Aircoookie opened this issue · comments

Thanks for the amazing library @forkineye!
This is not an issue, but rather an enhancement suggestion.
I've got a quite complex sketch called WLED for controlling WS2812b LEDs.
For ESP8266 at least, memory is very limited and using over 4kB of heap just for the buffer was not acceptable in my use case. So I removed the ring buffer and instead added a callback to the ESPAsyncE131::parsePacket function that calls a method which directly writes the data to the LED output buffer. This reduces the memory usage of the library by 4466 bytes (buffers for 7 universes aka 1190 RGB LEDs).
It seems to work perfectly, at least for this use case.

Just wanted to let you know! If you are interested, here is my fork. (please note that I also removed the stats and error analysis code, as it was not relevant for my project)

Maybe the library could be enhanced by allocating 0 ring buffers, but instead have the user specify a callback.
The only real drawback I see with this is that all the processing has to be done in the callback, so doing anything time-intensive with the packet is of course not going to happen from system context. Are there other reasons for why you implemented the ring buffer?

Thanks once again for your hard work, this library is very useful!
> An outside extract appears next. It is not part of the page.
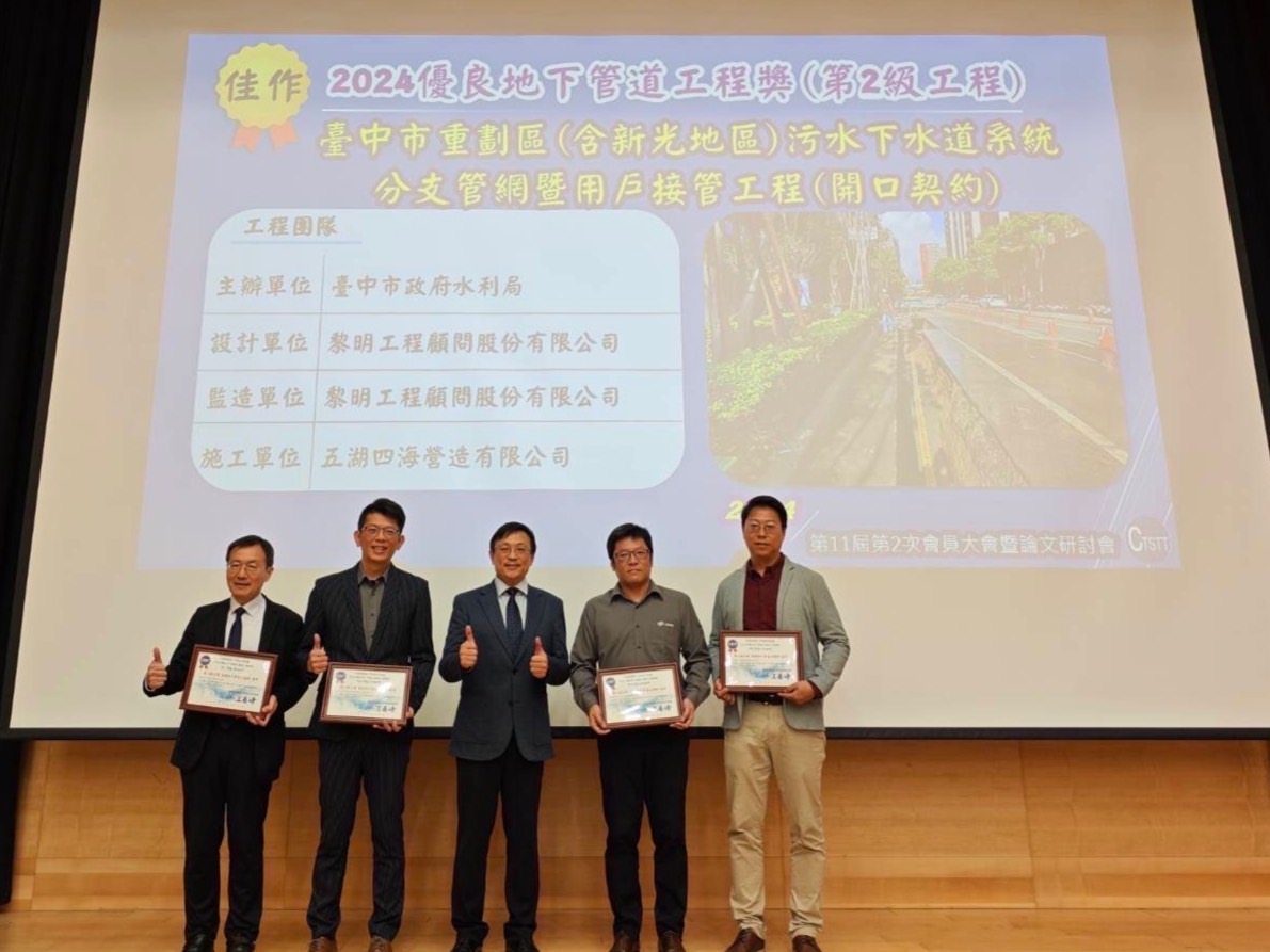 113年度優良地下管道工程頒獎典禮今(4)日於國立台北科技大學集思會議中心盛大舉行,台中市政府水利局以「水湳經貿園區(敦化路延伸段)污水下水道銜接工程」及「台中市重劃區(含新光地區)污水下水道系統分支管網暨用戶接管工程(開口契約)」分別榮獲工程獎(第二級)優等與佳作殊榮,顯見中市府於積極推動下水道建設及污水用戶接管備受肯定。

The biggest reason is as you stated, to get it into a buffer for external processing and out of the callback. Makes dealing with things like pixel grouping, zig-zag, gamma, color order, brightness, etc... all a little cleaner and things can get dicey with fresh pixel data coming in every 25ms. I initially added the ringbuffer back in the non-async version of this library to get around processing problems and input overflow, but never tried going back to writing directly to the output buffer once I did the async version. Plus, ring buffers just make good sense when dealing with communication processing pipelines.